В последних двух параграфах мы были непозволительно лаконичными. Стоит надеяться, однако, на то, что подробное изучение приемов, с помощью которых в «Бесах» конструируется ложная, обманывающая читателей повествовательность[185], со временем позволит описать стилистику Достоевского, с одной стороны, в духе изначальной интуиции о нем (в общем, правильной) как о «плохом писателе», а с другой — в соответствии с ревизионистскими попытками (также обоснованными) представить его в роли «гениального художника». Явление литературы вне литературности удовлетворяет сразу обеим названным оценкам.

3.4. Касательно романа Достоевского нам остается сделать пару замечаний общего характера.

Ликвидируя сразу оба ведущих жанра реалистической литературы, нигилистический и антинигилистический, Достоевский совершал эдипальное нападение на авторитетность, которое в то же самое время отказывало эдипальности — как в ее триумфирующем (нигилизм), так и в ее фрустрационном (антинигилизм) вариантах — в праве на существование.

Литература исчерпывает себя не потому вовсе, что она «автоматизируется» в читательском восприятии, как думали формалисты. Она завершается не бездарно, но гениально: на вершине ее генеративных возможностей, на той высшей ступени, которой она достигает в стремлении превзойти самое себя. Она отменяет себя не в качестве предмета рецепции, но в качестве результата порождения. Она перестает повторяться в неповторимом тексте (каковым являются «Бесы», опустошившие всё и поэтому не допускающие никакой имитации). Литература прекращается не литературно (как того хотелось бы ее исследователям, что психологически понятно), она перерождается в трансэстетическое.

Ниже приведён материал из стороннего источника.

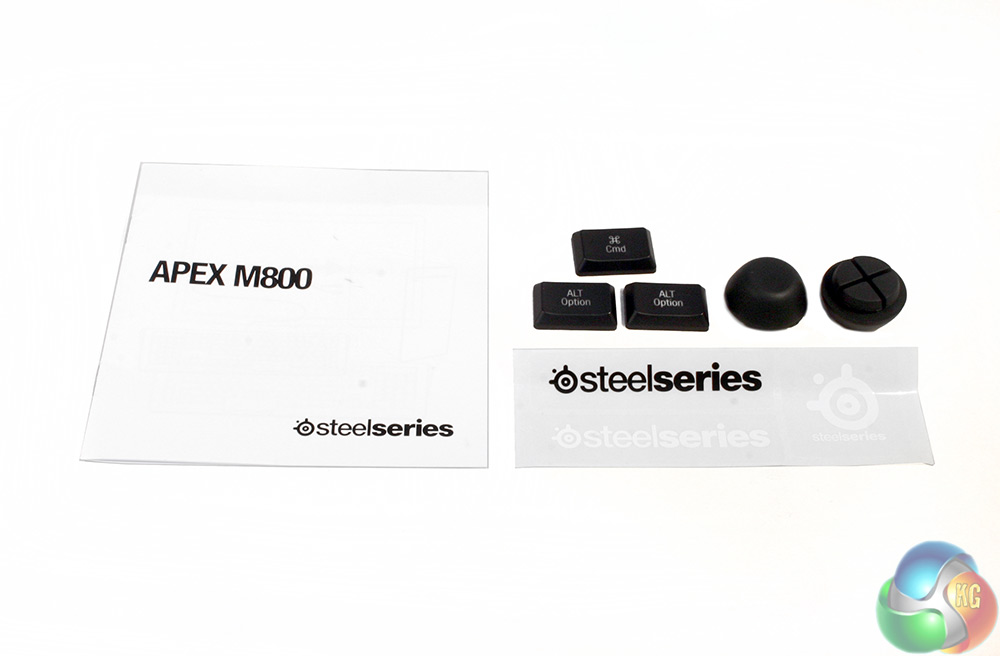 Along with the Apex M800 board itself, you also receive a quick-set up guide, a few Steelseries stickers, some alternate key-caps for the Alt keys and a pair of higher profile rubber feet.
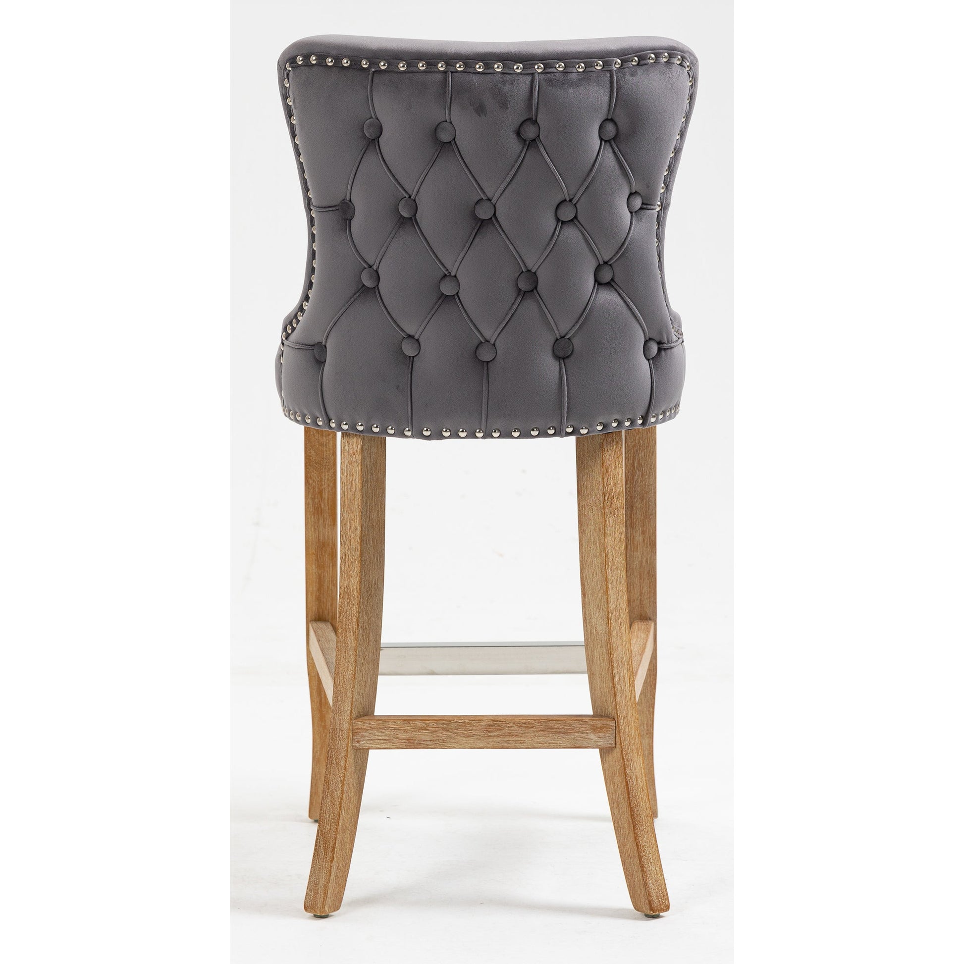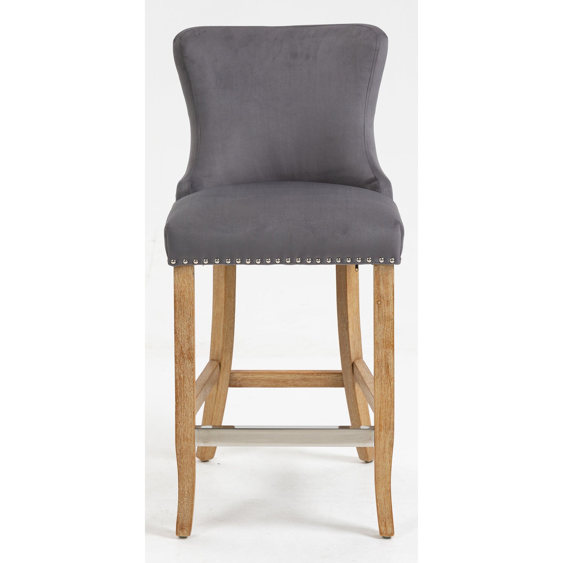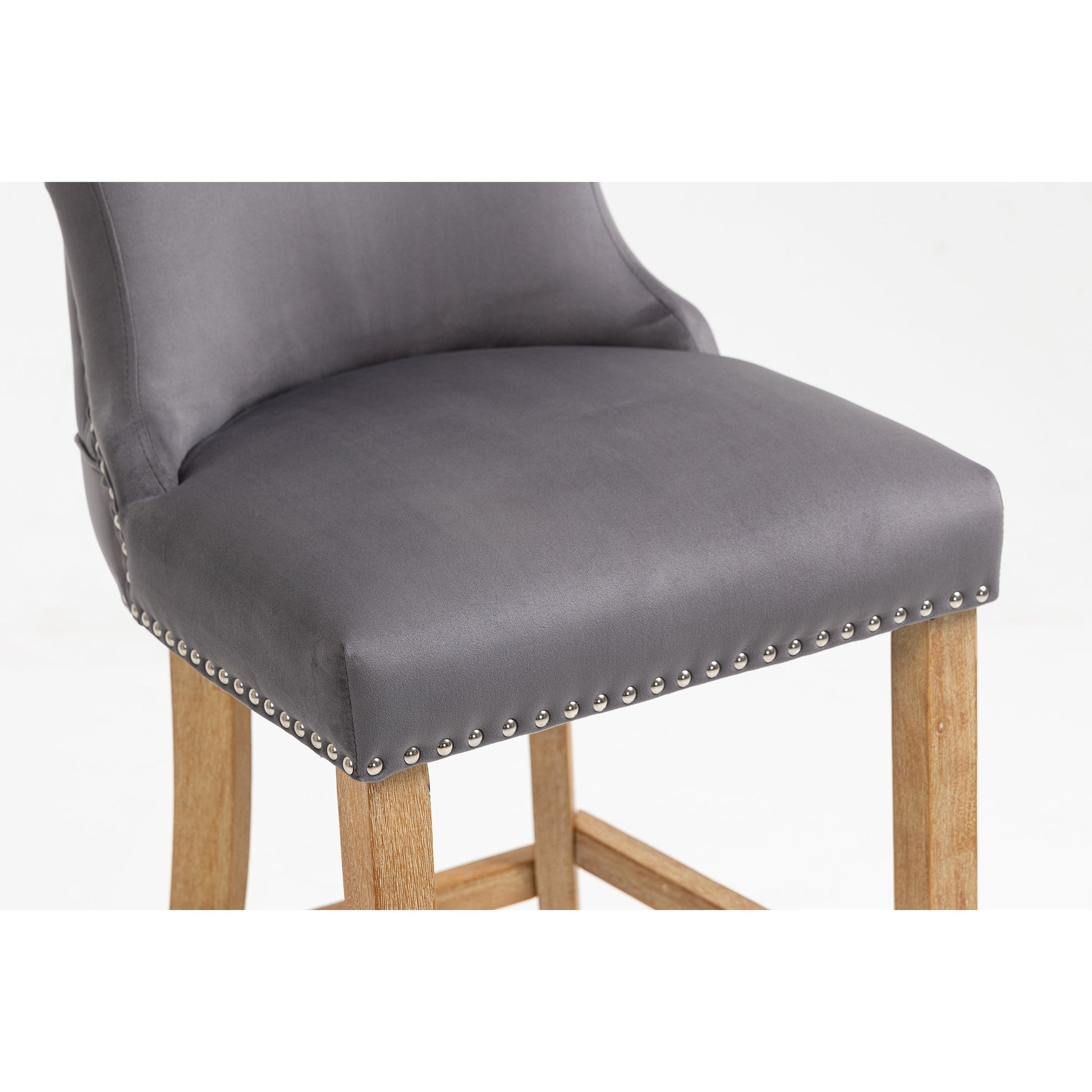 Providing an opulent update to your breakfast counter or bar, the Tokyo bar stool is all about the stunningly textured velvet fabric that comes in a smart storm grey shade. Wonderfully detailed with a decorative buttoned back and metal studs. The seat is supported by a solid oak finished four-legged frame, which is fixed at the perfect height for use alongside kitchen worktops, islands and breakfast bars. Bolstered by polished chrome bracing bars, the frame imparts excellent stability, plus the supports double up as handy footrests for a contemporary finish to any kitchen.

Выход Достоевского за пределы антинигилистического жанра убил жанр (оборвав род в изображенной «Бесами» действительности).

Непревзойденная гениальность «Бесов» в том, что они доказали возможность существования текста вне дискурса (в данном случае антинигилистического).

Проведенное Достоевским отрицание отрицания отрицания было вызовом культуре, которая смогла найти себя снова лишь в преодолении реализма 1840–80-х гг., в символизме и постсимволизме (авангарде), но так и не противопоставила ничего изобретенной автором «Бесов» постлитературности.

* * *

В заключении раздела об эдипальности суммируем все ее упоминавшиеся типы. Она имеет либо «позитивное» содержание (борьба ребенка с равным ему по полу родителем), либо «негативное» (выступление мальчика против матери и девочки против отца). Важно различать, далее, две формы, в которых дети мыслят себе победу над родителями. Одна из них авторитарна (ребенок ощущает себя как бы взрослым, который обладает правом доминировать над другими взрослыми), вторая — эгалитарна (ребенок инфантилизует родителей как равных ему и тем самым отнимает у них главенство в семье). Эдипальность, наконец, бывает и победоносной и фрустрационной. Говоря о последней, мы имеем в виду не самоотказ ребенка от эдипальной установки, совершающийся на кастрационной стадии, но такую эдипальность, осуществлению которой мешают какие-то внешние факторы, заставляющие ребенка признать, что он не самотворец, но всего лишь продолжатель рода.